A Morning Sentinel review of the Waterville Opera House production "Jesus Christ Superstar" highlights the Waterville-Colby collaboration. "Much of the magic of this production is due to the incredible set designed by master craftsman Jim Jenkins, the brilliance of Colby's Jim Thurston's lighting design, and Colby's Christine Nilles, whose costumes are stunning and letter perfect." With shows continuing this weekend, as many as 20 people with Colby connections are involved.
The Outing Club sponsored a half dozen trips over spring break, and this year an insideColby videographer brought back a vodcast about his group's trip to Death Valley. Death Valley comes alive online (along with other videos, podcasts, photos, stories, and more) at insideColby.com
Caroline Theoharides '06 is the winner of a prestigious Graduate Student Research Fellowship in Economics from the National Science Foundation. Her project on migrant remittances was one of just 7% of applications funded. After two years at the Federal Reserve Bank in Boston, Theoharides starts a Ph.D. program in economics at the University of Michigan in September. She talked about her undergraduate studies in a recent Colby magazine story.
Judge Leonie M. Brinkema, who received Colby's Morton A. Brody Distinguished Judicial Service Award Sunday, cited reasons for hope, despite her concerns about national rhetoric of a "War on Terror," a narrowly averted "Constitutional crisis," and threats against her that led the U.S. Marshals Service to prohibit photography at the event. She told the audience that the attorney general is modifying some of the most controversial policies of recent years, Congress is providing more counterweight to claims of executive power, and the judiciary is doing its job, stirring the pot. "It is our obligation to ensure that the executive branch acts reasonably," she said. Read more in the Morning Sentinel.
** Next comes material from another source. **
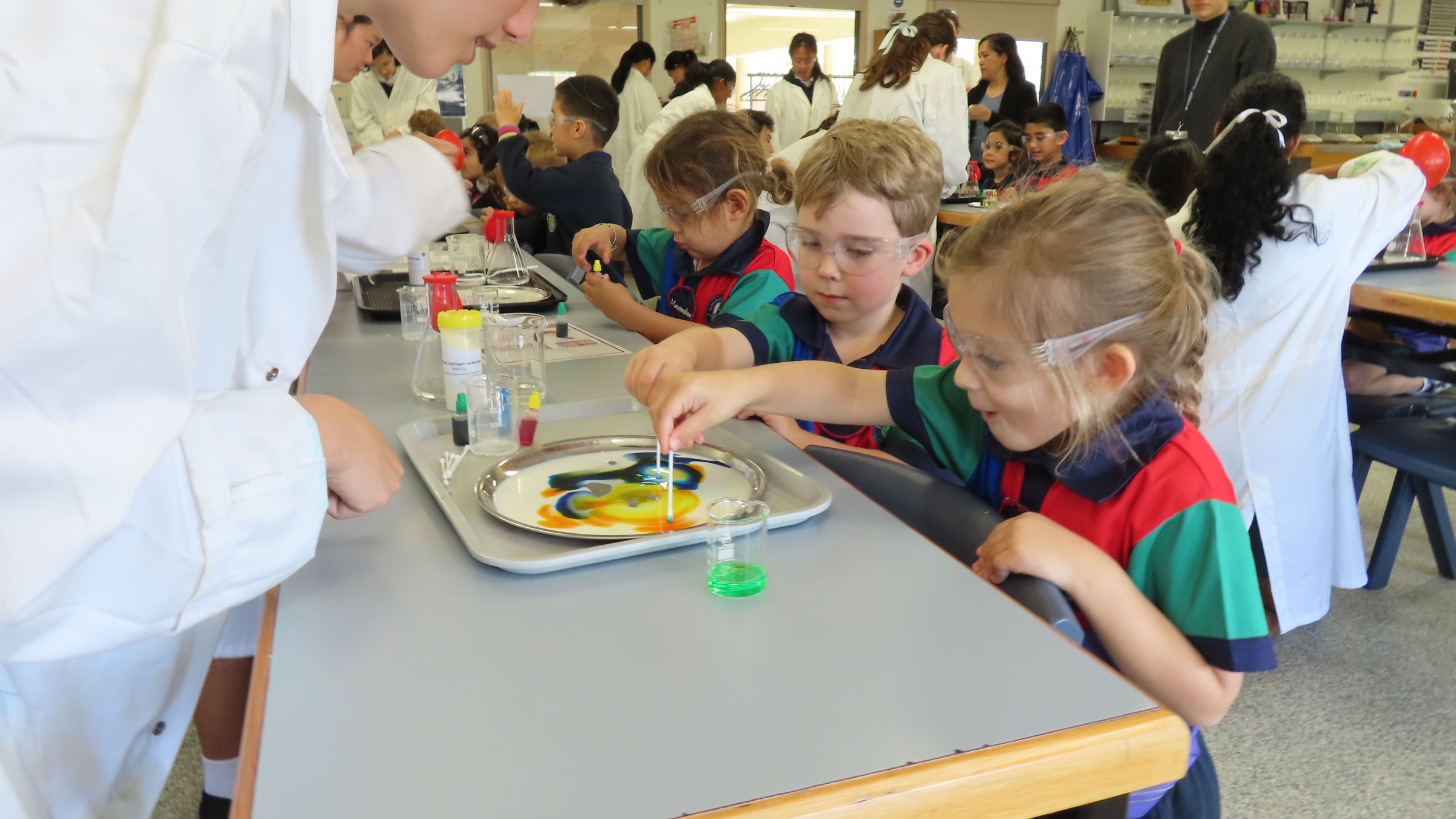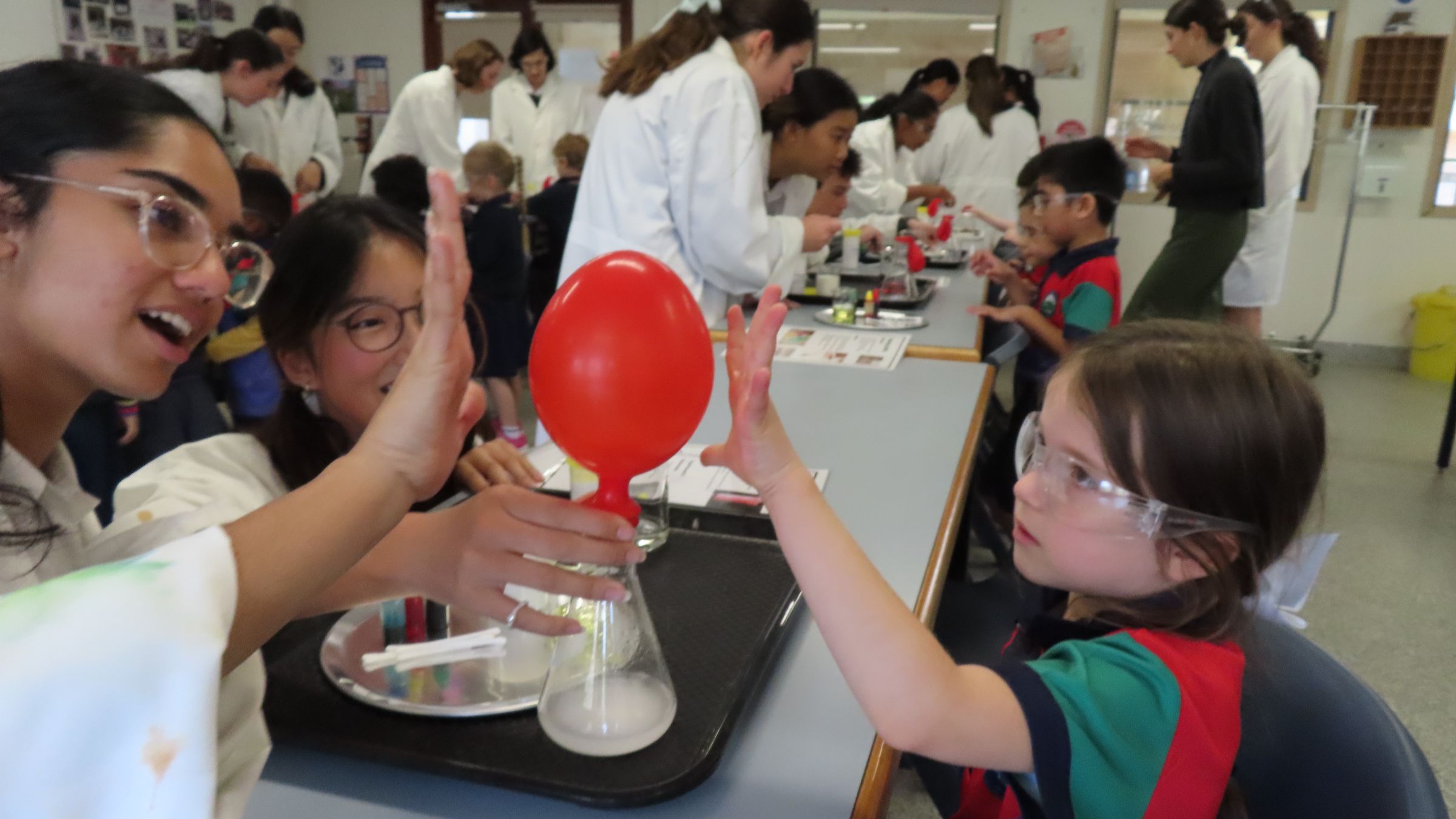 Our Pre-Prep Red class enjoyed an exciting visit to the Senior School Science lab during Science Week. The Senior Science Committee students generously gave up their lunchtime to give some demonstrations and help the Pre-Preps try some of their own experiments.

When Australian Broadcasting Corporation National Radio reported April 6 on efforts to artificially manipulate the climate to cool down the Earth, they tapped, among others, Professor Jim Fleming (science, technology, and society) for their program "The Climate Engineers." Fleming calls the subject "unsettling and relevant... with plenty of angst and potential bad guys," and he's writing a book about it. Also on the program: Nobel Laureate Thomas Schelling, who received an honorary degree as Colby's 2007 commencement speaker.